Couverture du livre de Julien Gracq, « La littérature à l'estomac ». C’est ce sentiment, et lui seul, qui transforme le lecteur en prosélyte fanatique, n’ayant de cesse (et c’est peut-être le sentiment le plus désintéressé qui soit) qu’il n’ai fait partager à la ronde son émoi singulier ; nous connaissons tous ces livres qui nous brûlent les mains et qu’on sème comme par enchantement - nous les avons rachetés une demi-douzaine de fois, toujours contents de ne point les voir revenir.
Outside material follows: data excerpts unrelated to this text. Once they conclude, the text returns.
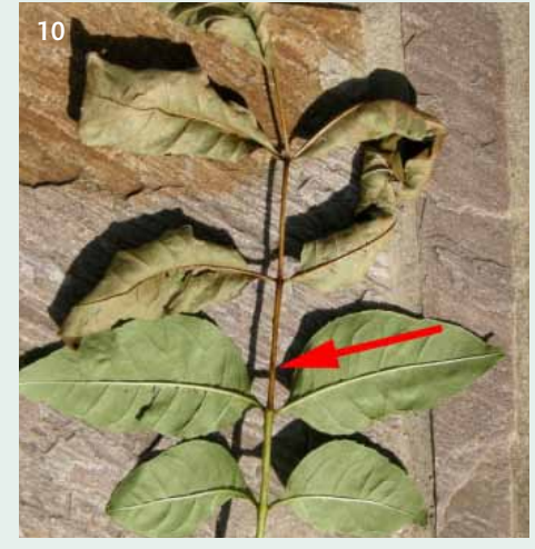
Necrosis of rachis (arrowed) and associated desiccation of leaflets.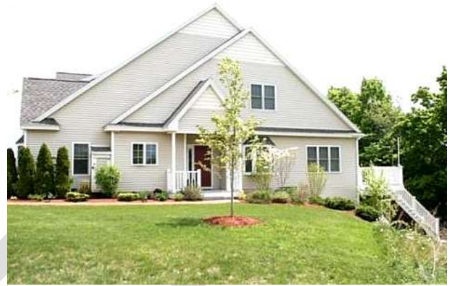
View of one of the 15 condominium buildings at Danvers State Hospital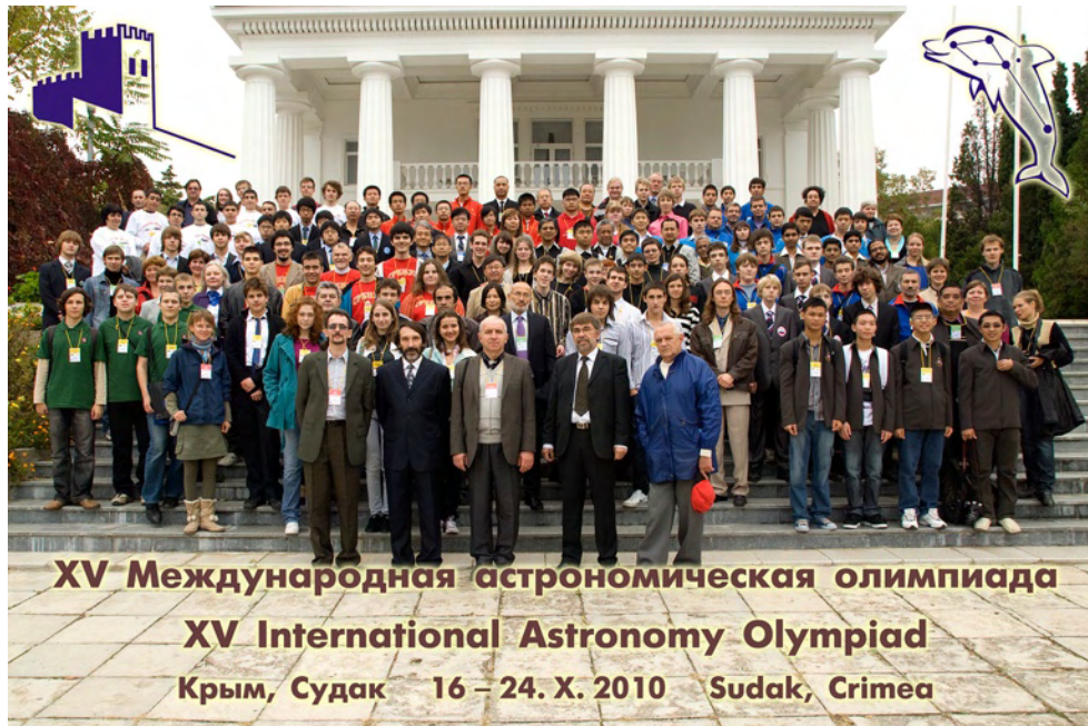
Figure 1 The opening ceremony

On 17 October the opening ceremony of the Olympiad took place (Figure 1).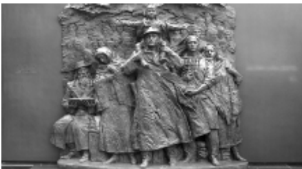
Frontal View of Shanghai Refugee Memorial

For the Jewish Shanghaianders the sentiments towards the Japanese are much more complex. While the Japanese were stern overlords and produced edicts that made Chinese and Jewish lives in Shanghai more difficult, the Jews have not forgotten that the Japanese government chose to ignore German requests that Jews be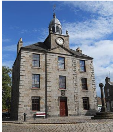
Kings Museum, University of Aberdeen

colleagues from across institutions and often provides insightful discussions among sector peers.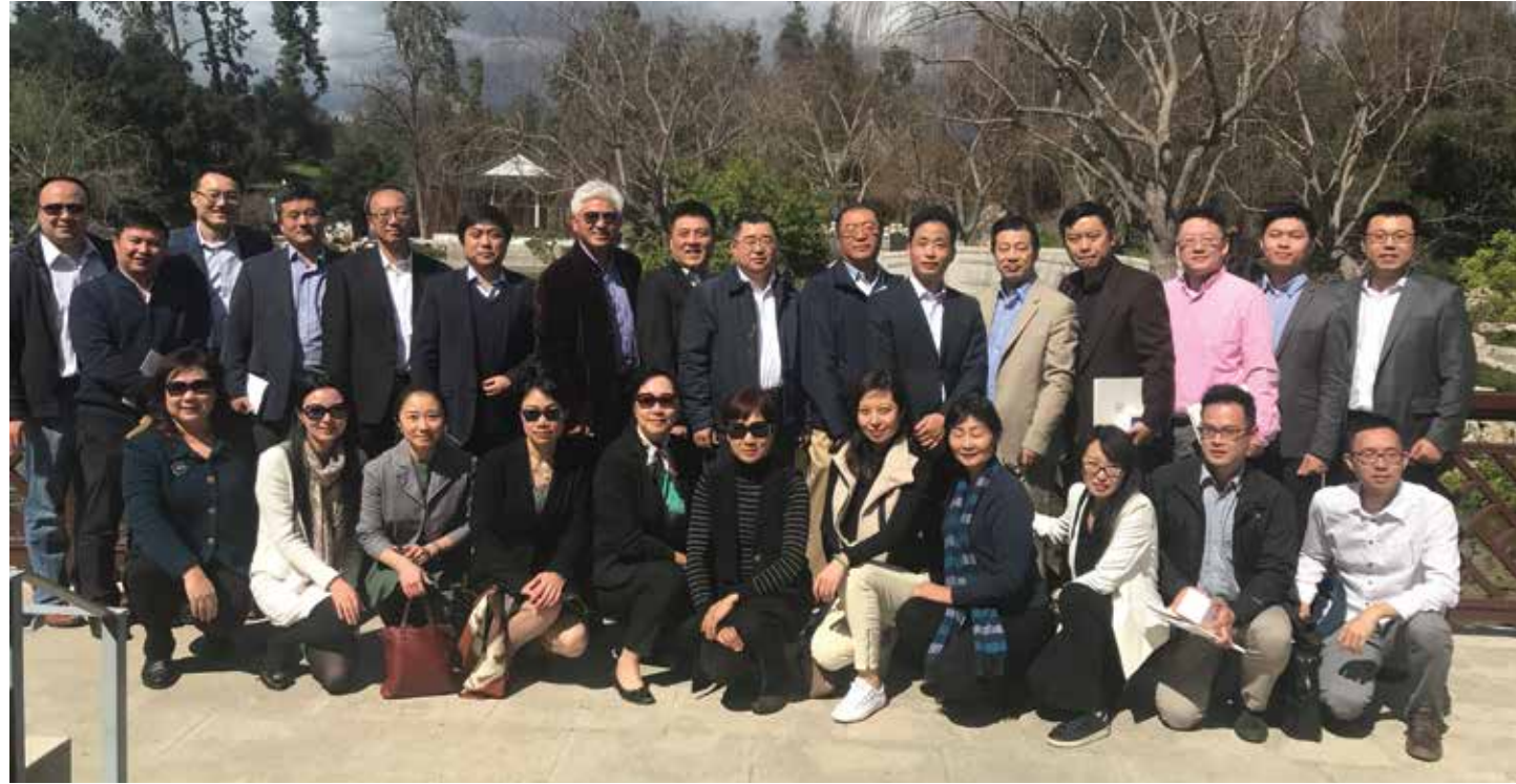
Board Leadership meeting was held in The Huntington Library, Art Collections, and Botanical Gardens.

Board Leadership meets throughout the year to discuss organization's planning goals.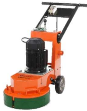
Fig.2: : Grinding or grit blasting machine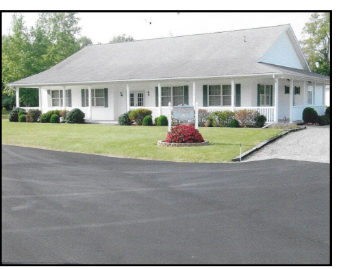
C.P.A. Headquarters Building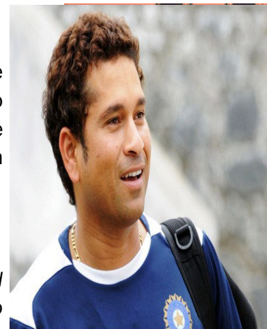
A living Book to read and learn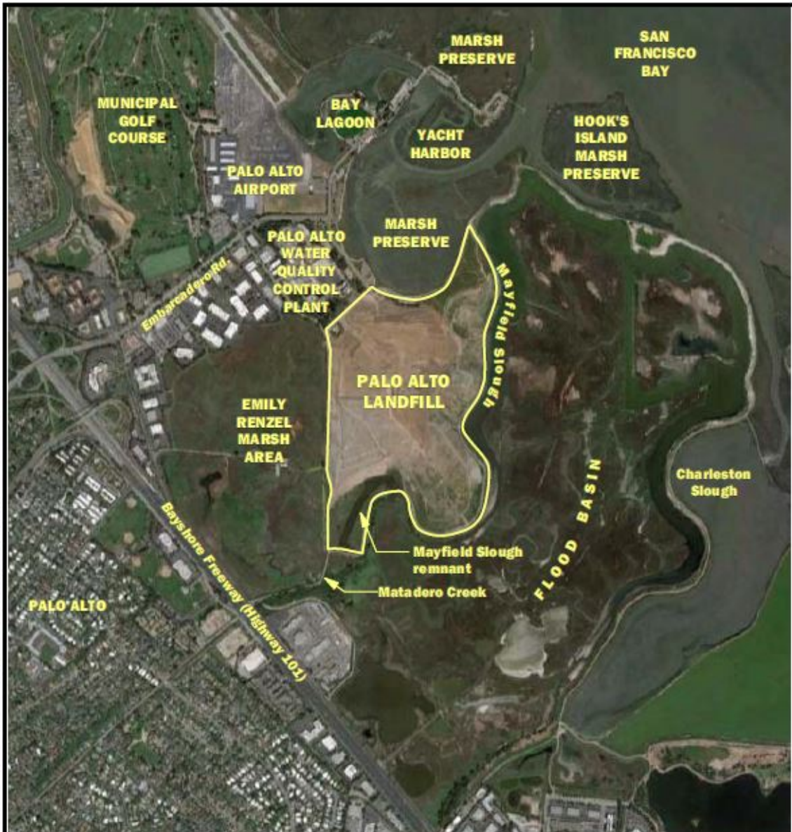
Figure 1. Palo Alto Landfill Project Site Location.

Dated March 28, 2015.

Cinquante lecteurs de ce genre, sans cesse vibrionnant à la ronde, sont autant de porteurs de virus filtrants qui suffisent à contaminer un vaste public : il n’y faut que quelques dizaines d’années, parfois un peu plus, souvent beaucoup moins : la gloire de Mallarmé, comme on sait, n’a pas eu d’autre véhicule - cinquante lecteurs qui se seraient fait tuer pour lui.

Julien Gracq, La littérature à l’estomac, éditions José Corti.

(Aujourd’hui dimanche 23 décembre 2007, au moment de mettre en ligne cette citation, j’apprends la mort de Julien Gracq.)